[[ Source data open ]]
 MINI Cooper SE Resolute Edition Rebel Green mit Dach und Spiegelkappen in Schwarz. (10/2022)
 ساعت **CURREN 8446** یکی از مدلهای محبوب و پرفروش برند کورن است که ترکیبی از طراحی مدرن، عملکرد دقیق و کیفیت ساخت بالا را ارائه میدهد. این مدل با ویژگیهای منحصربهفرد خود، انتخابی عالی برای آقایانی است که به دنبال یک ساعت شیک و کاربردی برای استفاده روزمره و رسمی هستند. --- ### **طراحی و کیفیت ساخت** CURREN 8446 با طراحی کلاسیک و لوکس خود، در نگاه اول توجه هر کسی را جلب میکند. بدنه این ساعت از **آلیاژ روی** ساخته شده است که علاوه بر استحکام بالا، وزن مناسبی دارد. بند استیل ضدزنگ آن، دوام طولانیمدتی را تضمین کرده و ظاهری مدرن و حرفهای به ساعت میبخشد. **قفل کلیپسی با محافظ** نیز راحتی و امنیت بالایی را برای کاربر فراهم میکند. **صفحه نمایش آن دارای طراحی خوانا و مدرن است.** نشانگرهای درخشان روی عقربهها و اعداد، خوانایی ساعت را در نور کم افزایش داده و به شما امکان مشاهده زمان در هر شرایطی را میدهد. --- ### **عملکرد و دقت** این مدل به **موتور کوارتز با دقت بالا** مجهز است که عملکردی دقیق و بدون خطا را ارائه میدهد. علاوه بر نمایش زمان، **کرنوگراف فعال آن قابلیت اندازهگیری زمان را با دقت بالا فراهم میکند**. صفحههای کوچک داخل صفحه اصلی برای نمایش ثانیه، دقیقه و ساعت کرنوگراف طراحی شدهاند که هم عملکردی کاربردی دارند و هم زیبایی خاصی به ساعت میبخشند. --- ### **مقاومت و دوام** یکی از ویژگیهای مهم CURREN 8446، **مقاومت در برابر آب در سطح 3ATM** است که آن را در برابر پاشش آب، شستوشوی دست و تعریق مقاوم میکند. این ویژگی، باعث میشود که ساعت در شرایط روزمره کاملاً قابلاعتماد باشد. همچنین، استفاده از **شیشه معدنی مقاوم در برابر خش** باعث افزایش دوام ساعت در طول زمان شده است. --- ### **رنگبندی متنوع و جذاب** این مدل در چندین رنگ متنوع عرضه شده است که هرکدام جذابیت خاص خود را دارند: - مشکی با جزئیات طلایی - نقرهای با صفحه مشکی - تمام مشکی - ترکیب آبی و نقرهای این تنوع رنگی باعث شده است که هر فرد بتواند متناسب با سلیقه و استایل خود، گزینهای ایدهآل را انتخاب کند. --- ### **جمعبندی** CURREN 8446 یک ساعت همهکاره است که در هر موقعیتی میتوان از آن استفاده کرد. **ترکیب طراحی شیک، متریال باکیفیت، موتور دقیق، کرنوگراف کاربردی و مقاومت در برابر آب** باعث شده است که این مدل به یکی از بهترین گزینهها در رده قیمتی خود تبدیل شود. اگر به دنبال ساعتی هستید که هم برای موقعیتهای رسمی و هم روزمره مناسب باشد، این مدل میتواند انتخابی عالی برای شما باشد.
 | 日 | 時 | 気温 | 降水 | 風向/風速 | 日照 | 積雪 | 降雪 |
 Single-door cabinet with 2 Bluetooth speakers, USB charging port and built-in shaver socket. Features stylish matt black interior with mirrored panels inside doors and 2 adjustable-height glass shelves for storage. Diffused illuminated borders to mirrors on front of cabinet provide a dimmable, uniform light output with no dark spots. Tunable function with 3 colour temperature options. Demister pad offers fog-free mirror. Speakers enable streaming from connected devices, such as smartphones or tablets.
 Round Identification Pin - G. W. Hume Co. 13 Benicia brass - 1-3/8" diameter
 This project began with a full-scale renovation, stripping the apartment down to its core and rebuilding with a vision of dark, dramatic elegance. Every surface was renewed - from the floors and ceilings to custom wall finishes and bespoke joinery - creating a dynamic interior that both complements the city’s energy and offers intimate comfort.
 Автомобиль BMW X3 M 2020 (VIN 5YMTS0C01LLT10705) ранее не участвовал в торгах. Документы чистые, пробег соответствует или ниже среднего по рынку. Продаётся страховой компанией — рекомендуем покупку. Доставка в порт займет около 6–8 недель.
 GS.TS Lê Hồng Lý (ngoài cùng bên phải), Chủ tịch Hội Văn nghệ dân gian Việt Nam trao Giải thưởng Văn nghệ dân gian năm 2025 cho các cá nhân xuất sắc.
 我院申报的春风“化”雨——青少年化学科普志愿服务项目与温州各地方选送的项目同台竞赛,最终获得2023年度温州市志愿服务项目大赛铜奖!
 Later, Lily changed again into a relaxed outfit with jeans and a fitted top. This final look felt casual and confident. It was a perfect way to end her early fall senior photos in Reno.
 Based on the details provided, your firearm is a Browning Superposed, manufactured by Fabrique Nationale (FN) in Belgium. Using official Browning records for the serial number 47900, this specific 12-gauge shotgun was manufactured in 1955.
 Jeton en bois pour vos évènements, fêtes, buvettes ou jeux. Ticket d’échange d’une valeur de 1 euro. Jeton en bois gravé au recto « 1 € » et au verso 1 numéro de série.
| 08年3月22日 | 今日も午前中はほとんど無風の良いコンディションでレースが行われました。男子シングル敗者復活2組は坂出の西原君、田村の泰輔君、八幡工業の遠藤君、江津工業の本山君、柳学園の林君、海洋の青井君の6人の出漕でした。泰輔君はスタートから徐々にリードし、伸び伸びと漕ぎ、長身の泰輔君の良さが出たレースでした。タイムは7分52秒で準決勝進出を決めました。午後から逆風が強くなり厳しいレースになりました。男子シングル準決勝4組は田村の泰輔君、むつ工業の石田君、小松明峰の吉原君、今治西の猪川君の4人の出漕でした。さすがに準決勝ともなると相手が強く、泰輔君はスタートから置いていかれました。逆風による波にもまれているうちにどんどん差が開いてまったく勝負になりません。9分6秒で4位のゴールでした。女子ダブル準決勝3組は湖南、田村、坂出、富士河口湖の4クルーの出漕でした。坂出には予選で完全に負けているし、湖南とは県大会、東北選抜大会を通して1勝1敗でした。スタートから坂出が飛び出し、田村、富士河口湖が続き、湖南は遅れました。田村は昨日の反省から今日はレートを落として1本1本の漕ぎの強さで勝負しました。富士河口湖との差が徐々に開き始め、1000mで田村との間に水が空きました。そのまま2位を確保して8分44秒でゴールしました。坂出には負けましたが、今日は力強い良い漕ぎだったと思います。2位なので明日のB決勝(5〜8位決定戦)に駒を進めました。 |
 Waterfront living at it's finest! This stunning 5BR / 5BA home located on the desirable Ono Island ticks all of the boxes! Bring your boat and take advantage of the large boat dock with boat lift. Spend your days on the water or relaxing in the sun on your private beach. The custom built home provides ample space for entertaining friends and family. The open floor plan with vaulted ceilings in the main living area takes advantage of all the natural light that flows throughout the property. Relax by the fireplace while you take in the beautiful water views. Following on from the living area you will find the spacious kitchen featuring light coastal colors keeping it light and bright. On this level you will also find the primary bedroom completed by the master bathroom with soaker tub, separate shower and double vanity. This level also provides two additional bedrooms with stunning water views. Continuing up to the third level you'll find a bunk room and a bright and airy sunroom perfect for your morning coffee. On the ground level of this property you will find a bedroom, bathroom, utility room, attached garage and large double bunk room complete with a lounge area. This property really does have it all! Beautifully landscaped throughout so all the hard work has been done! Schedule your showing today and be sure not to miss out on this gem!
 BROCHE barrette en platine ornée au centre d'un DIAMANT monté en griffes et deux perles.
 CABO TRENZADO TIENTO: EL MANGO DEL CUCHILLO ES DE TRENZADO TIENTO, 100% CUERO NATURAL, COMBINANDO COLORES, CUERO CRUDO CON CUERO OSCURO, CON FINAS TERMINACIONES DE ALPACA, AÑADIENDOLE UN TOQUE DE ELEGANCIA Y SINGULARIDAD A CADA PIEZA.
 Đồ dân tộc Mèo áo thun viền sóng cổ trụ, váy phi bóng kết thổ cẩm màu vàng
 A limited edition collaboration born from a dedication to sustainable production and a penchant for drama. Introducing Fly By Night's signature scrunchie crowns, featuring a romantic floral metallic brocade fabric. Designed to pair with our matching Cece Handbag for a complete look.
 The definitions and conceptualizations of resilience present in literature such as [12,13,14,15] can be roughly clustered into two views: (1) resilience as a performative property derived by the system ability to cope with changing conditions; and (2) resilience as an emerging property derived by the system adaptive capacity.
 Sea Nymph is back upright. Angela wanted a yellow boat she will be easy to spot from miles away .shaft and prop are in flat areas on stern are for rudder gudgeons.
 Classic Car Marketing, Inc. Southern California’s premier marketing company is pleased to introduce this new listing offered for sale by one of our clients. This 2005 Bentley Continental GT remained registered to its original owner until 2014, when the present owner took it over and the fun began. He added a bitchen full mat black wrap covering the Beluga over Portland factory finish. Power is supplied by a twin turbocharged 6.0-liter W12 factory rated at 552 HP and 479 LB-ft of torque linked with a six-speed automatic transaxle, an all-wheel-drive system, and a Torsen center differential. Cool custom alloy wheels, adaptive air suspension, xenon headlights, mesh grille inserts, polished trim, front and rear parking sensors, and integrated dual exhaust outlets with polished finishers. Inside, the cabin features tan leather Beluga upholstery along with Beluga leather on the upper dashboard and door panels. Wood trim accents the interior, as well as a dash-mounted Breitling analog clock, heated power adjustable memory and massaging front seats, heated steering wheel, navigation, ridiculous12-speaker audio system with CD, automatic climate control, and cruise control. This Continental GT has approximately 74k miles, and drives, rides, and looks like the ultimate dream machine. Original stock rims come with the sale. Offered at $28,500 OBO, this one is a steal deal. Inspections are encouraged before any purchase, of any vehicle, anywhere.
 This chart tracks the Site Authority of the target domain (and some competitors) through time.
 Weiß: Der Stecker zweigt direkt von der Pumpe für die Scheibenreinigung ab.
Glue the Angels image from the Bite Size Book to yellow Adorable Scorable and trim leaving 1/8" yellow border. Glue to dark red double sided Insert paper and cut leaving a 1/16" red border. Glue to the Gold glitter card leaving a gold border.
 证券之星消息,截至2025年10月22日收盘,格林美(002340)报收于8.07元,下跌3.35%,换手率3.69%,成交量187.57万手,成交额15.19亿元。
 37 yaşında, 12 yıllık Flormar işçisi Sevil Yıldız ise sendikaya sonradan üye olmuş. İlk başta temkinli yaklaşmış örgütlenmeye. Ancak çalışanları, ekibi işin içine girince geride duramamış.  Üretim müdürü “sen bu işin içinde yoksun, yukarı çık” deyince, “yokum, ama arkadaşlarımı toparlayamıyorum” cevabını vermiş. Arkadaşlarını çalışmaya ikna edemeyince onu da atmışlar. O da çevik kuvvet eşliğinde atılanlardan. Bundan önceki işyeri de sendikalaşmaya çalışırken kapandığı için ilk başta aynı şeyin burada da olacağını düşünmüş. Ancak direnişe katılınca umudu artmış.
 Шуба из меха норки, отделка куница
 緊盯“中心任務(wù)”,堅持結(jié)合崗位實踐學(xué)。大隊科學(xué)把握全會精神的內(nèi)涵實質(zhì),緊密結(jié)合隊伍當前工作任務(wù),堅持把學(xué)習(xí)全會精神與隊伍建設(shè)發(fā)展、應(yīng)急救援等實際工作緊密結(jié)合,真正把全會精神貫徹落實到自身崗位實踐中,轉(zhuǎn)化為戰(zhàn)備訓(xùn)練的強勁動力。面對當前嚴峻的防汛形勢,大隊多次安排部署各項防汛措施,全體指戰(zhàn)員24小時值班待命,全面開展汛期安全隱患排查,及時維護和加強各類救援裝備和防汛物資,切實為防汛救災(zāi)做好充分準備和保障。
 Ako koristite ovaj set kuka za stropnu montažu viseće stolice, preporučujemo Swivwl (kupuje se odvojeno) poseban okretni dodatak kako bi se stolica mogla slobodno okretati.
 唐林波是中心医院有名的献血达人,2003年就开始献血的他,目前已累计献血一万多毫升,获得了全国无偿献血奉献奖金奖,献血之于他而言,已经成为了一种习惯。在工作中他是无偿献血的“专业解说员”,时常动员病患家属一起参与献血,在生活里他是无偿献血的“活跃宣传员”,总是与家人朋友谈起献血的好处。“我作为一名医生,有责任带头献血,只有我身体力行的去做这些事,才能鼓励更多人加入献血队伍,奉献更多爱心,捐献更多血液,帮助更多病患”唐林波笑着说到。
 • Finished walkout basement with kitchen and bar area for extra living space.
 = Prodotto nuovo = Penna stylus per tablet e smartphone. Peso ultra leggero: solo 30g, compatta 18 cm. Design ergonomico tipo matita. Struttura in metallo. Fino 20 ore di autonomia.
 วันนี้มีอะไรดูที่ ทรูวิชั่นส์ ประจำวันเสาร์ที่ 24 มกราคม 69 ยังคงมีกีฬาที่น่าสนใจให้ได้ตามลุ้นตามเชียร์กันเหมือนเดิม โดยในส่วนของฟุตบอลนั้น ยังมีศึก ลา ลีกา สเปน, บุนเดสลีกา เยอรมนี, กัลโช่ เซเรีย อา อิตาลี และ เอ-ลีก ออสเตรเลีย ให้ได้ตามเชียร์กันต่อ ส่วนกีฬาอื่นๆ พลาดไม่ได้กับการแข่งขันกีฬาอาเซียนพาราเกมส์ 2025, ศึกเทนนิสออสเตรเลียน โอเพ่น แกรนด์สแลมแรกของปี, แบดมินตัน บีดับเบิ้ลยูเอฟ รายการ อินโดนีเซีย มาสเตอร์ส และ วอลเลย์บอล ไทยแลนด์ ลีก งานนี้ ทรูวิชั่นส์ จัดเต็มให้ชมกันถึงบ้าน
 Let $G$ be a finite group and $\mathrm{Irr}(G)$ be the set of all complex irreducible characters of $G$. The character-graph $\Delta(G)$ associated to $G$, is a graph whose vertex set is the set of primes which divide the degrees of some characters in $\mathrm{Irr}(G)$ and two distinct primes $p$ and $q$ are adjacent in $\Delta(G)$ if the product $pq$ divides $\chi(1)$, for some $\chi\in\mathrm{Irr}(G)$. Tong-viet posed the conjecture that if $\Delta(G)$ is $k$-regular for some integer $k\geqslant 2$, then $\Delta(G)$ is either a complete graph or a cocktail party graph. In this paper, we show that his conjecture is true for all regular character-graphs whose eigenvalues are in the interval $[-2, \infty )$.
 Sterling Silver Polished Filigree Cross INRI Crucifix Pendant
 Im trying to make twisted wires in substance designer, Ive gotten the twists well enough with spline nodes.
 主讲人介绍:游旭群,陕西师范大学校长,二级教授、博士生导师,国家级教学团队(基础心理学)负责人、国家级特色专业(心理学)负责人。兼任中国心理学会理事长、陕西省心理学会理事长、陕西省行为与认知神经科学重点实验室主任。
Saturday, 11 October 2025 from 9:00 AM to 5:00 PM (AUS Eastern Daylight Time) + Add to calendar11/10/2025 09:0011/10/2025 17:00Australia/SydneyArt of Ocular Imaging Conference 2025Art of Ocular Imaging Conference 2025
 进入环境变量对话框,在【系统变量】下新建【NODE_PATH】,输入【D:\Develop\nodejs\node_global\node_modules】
[[ Source data closed ]]
Task directions: Look through the entries, and return every line that the word "kitchen" appears in.

Response to this exercise:
 Waterfront living at it's finest! This stunning 5BR / 5BA home located on the desirable Ono Island ticks all of the boxes! Bring your boat and take advantage of the large boat dock with boat lift. Spend your days on the water or relaxing in the sun on your private beach. The custom built home provides ample space for entertaining friends and family. The open floor plan with vaulted ceilings in the main living area takes advantage of all the natural light that flows throughout the property. Relax by the fireplace while you take in the beautiful water views. Following on from the living area you will find the spacious kitchen featuring light coastal colors keeping it light and bright. On this level you will also find the primary bedroom completed by the master bathroom with soaker tub, separate shower and double vanity. This level also provides two additional bedrooms with stunning water views. Continuing up to the third level you'll find a bunk room and a bright and airy sunroom perfect for your morning coffee. On the ground level of this property you will find a bedroom, bathroom, utility room, attached garage and large double bunk room complete with a lounge area. This property really does have it all! Beautifully landscaped throughout so all the hard work has been done! Schedule your showing today and be sure not to miss out on this gem!
 • Finished walkout basement with kitchen and bar area for extra living space.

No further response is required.